The Anglican Church of Canada, a member church of the worldwide Anglican Communion, contains thirty-two jurisdictions, consisting of twenty-nine dioceses, one administrative region with diocesan status, one ordinariate (for  military chaplaincy), and one national pastoral jurisdiction (for indigenous people). The 29 dioceses and the special administrative area are organised into four ecclesiastical provinces.

Most dioceses are contained within a single civil province or territory. The four exceptions are the Arctic, Moosonee, Nova Scotia and Prince Edward Island, and Ottawa dioceses.

Each diocese has a bishop, four of whom are archbishops as metropolitans of their ecclesiastical province. Dioceses are self-governing entities, incorporated under the Corporations Act of the civil province or territory in which they are active.
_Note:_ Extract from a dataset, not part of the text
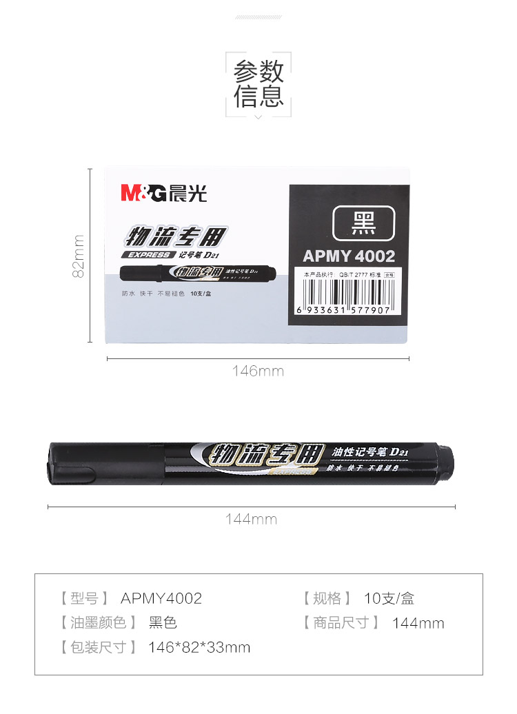 • 晨光(M&G)單頭黑色物流記號筆 10支/盒APMY4002

Diocesan synods generally meet annually and have responsibility for those aspects of church life which do not concern doctrine, discipline, or worship.  These latter matters are the purview of the General Synod of the national church, which meets triennially and at other times delegates its powers to an elected body of clergy and laity, called the Council of General Synod, and to the Primate of the Anglican Church of Canada.

Provinces
The Anglican Church of Canada is divided into four ecclesiastical provinces, each under the jurisdiction of a provincial synod and a metropolitan archbishop. Originally the metropolitans were bishops of particular dioceses within the provinces. In 1893 the metropolitans were granted the title of "archbishop", and they are now elected from among the bishops of each province.
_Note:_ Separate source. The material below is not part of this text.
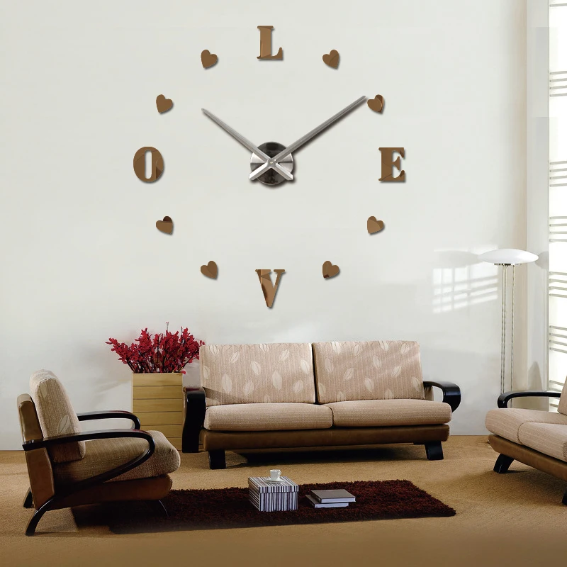 Новые акриловые зеркальные настенные часы 3d из натурального металла сделай сам, часы, часы, украшение для дома, современные игольчатые кварцевые наклейки с надписью love

The Ecclesiastical Province of Canada was founded in 1860, originally consisting of the four dioceses in the then civil Province of Canada (Upper and Lower Canada, i.e. modern Ontario and Quebec, respectively) under the metropolitical authority of the Bishop of Montreal. The province was expanded in 1870 and 1871 to include New Brunswick and Nova Scotia. In 1913, the Ontario dioceses were split off to form the Province of Ontario (see below). The Province was expanded to include the civil province of Newfoundland following its entrance into Confederation in 1949. The province today comprises seven dioceses.
The Ecclesiastical Province of Rupert's Land was formed in 1875, covering the Prairie Provinces and initially under the metropolitical authority of the Bishop of Rupert's Land. Today it comprises ten dioceses.
The Ecclesiastical Province of Ontario was formed out of the Province of Canada and the Diocese of Moosonee (which had been in the Ecclesiastical Province of Rupert's Land) in 1912. Today, it comprises seven dioceses.
The Ecclesiastical Province of British Columbia and Yukon was formed out of the Ecclesiastical Province of Rupert's Land as the Ecclesiastical Province of British Columbia in 1914. It was expanded in 1943 (and consequently renamed) to incorporate the Diocese of Yukon, which was transferred from Rupert's Land. The province today comprises five dioceses and one ecclesiastic territory.

Archbishops
The Primate of Canada (who has no diocese) bears the title Archbishop and is styled The Most Reverend. The current Primate is Linda Nicholls. The Primate is elected from among all the bishops across the country.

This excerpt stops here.